Electron Transport • Chain of carrier molecules that receive electrons from NADH. • The flow of electrons from carrier to carrier is exergonic. • The energy release is used to pump H+ from NADH across a membrane to form a concentration of H+ on one side of the membrane. • The flow of H+ back across the membrane is also exergonic and the energy released is used to convert ADP to ATP – PROTON MOTIVE FORCE! • ATP is made via CHEMIOSMOSIS by the enzyme ATP SYNTHASE • Final electron acceptor is oxygen • ETS occurs only in the presence of oxygen • The reaction to make ATP is called OXIDATIVE PHOSPHORYLATION. • The source of electrons are the NADH and FADH2 produced in earlier steps of glycolysis and the Krebs cycle
ATP Production by ETS • For every 1 NADH that goes into ETS you get 3 ATP • For every 1 FADH2 that goes into ETS you get 2 ATP • How many NADH and FADH2 are generated in ALL parts of AEROBIC respiration? • ANSWER 10 NADH and 2 FADH2
Total Energy Production • 1 molecule of glucose gives the following: • 10 NADH → ETS = 30 ATP • 2 FADH2 → ETS = 4 ATP • 2 ATP directly from glycolysis (substrate level phosphorylation) • 2 ATP directly from Krebs (substrate level phosphprylation) • TOTAL ATP from 1 glucose = 38
What about the anaerobes and energy? • If you are an anaerobe you can do only glycolysis and get how munch total ATP? • Right, just 2 ATP • Remember no ETS for these microbes! • But want about the end product pyruvic acid, what happens to it, it can’t just continue to build up? • Answer, these bacteria use the pyruvic acid in the process of FERMENTATION
Fermentation • Occurs in the absence of oxygen • Produces small amounts of ATP • Organic molecule, not oxygen, is the final electron acceptor • End products are alcohol or various acids • Anaerobes and facultative anaerobes
Let’s make wine! • What do you need? • Grape juice, that’s the source of sugar • Yeast, these cells will make the alcohol • Mix together and put in a bottle that can be sealed • What’s happening in the bottle? • The answer is fermentation – no oxygen, you sealed the bottle, the yeast break down the sugars in the grape juice, make pyruvic acid, then alcohol • Wait a few weeks, open the bottle, then PARTY!
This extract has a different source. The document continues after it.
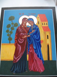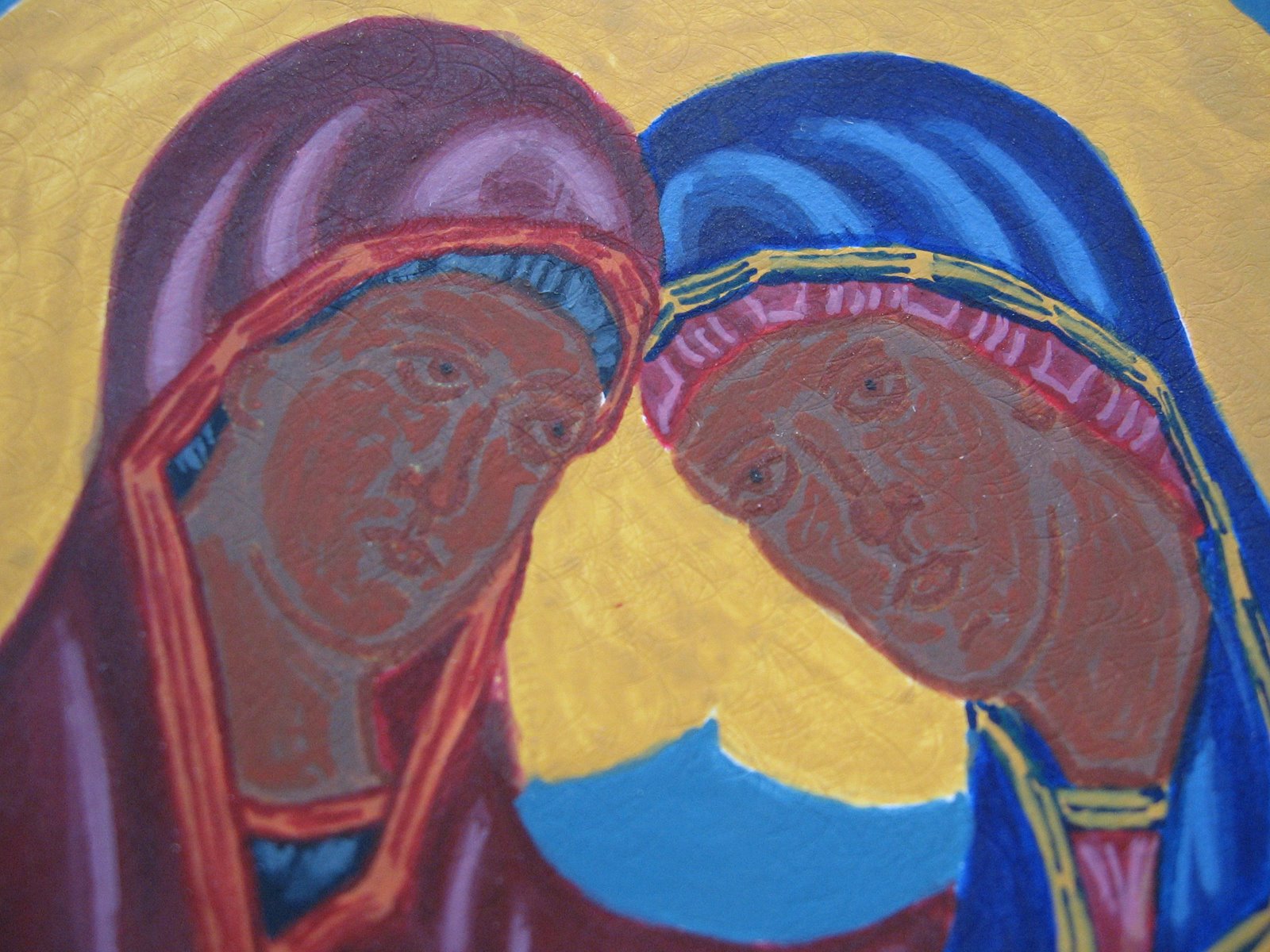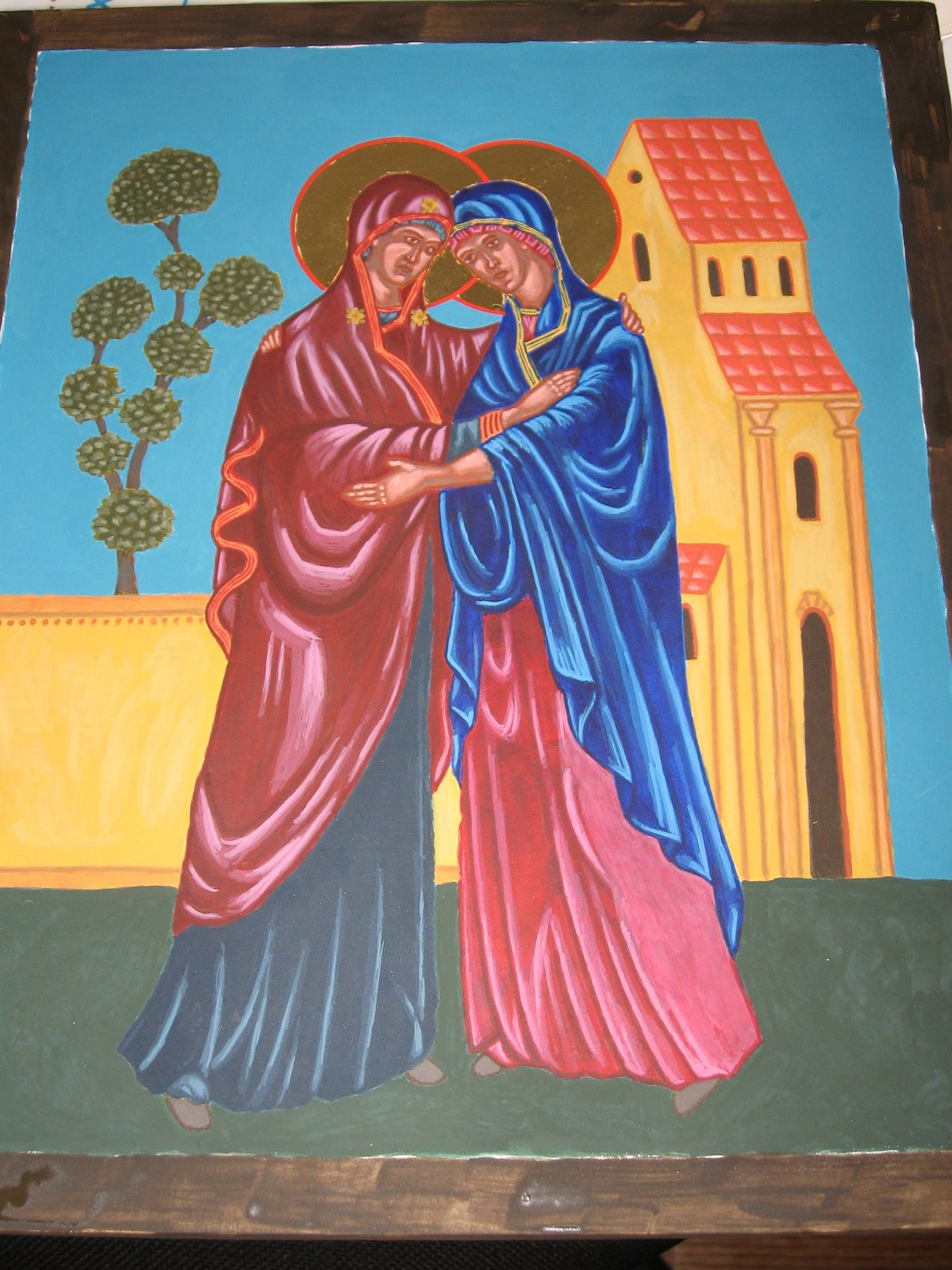 I have altered the icon from the original, not intentionally though. In the original icon – on Elizabeth’s left arm that embraces Mary there is a red sleeve. I did not notice this in the original image I copied from and left the sleeve out. Now Elizabeth’s arm is bare – the sleeve pushed up. I like this though. We “roll up” our sleeves when we are busy, when we have work to do. I can imagine Elizabeth busy about the work of the day when Mary arrives. Immediately this work is left behind as Elizabeth embraces her cousin in welcome!

What wine? • The party was no fun, there was no wine • What happened, yeast make alcohol don’t they? • Right, they do, but only if NO oxygen is present • You didn’t seal the bottle well, air got in and the yeast did this: • Grape juice→glycolysis→Krebs→ETS • NO alcohol!
Energy comparisons • Aerobes and facultative anaerobes growing the presence of oxygen produce 38 ATP from one molecule of glucose • Anaerobes produce 2 ATP from one molecule of glucose • So the energy bottom line is that growth in the presence of oxygen is the way to go and grow!